В ванной Кейду встретили такая красота и роскошь, каких она не видела в замке старого Функа.
Она никуда не торопилась, никто её не ждал. Пристально ко всему присматриваясь, Кейда слушала беззаботную болтовню Патриции и размышляла: «Что бы это всё значило? Что задумал Ацер? И что на уме у этой наивной русской девочки, и так ли она наивна, как представляется?.. Несомненно, она выполняет какое-то задание хозяина».
Кейду озадачивало это нелепое положение, когда трудно понять, что происходит вокруг.

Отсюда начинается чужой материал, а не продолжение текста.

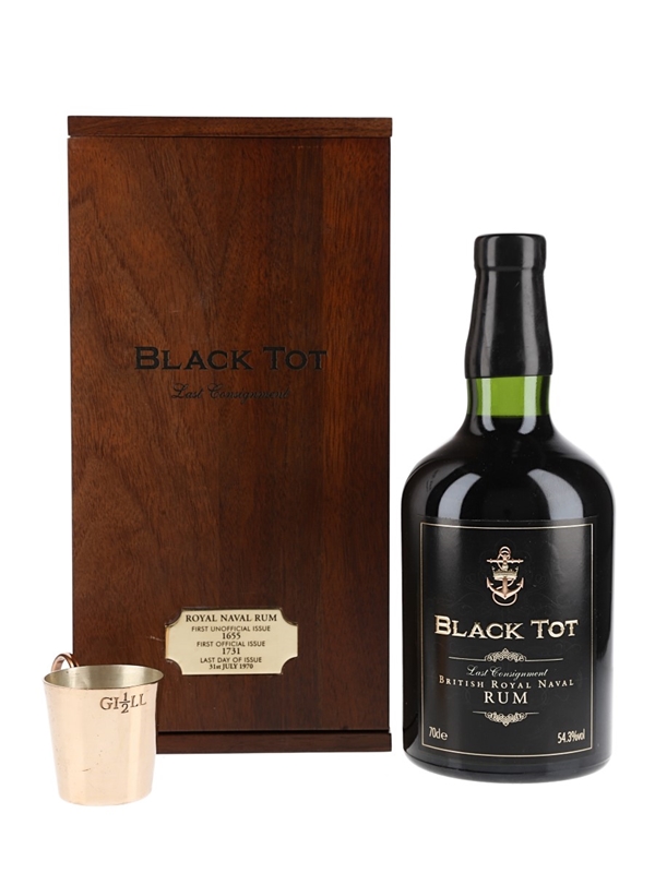 A bottle of Black Tot Navy Rum. Bottled from the Last Consignment of stock of Royal Naval Rum, which had been hidden in storage since Black Tot Day in 1970 - the day that the 300-year-old tradition of serving a daily ration of rum to naval crew ended - Black Tot is a real piece of rum (and naval) history.

Она была убеждена только в одном — в своей безопасности — и была спокойна. Это её спокойствие передалось и Анчару. Он просунул голову в дверь ванной и беззастенчиво оглядывал хозяйку с ног до головы. Кейда повернулась к нему боком и прикрыла руками грудь. Рассмеявшись, с улыбкою укорила пса:
— Ты, Анчар, всё-таки мужчина. Иди на своё место.
Дверь закрылась. Патриция усадила Кейду к зеркалу, стала разбирать волосы.
— Баронесса Рут любила мыться в этой ванной. И с ней тоже тут был Анчар.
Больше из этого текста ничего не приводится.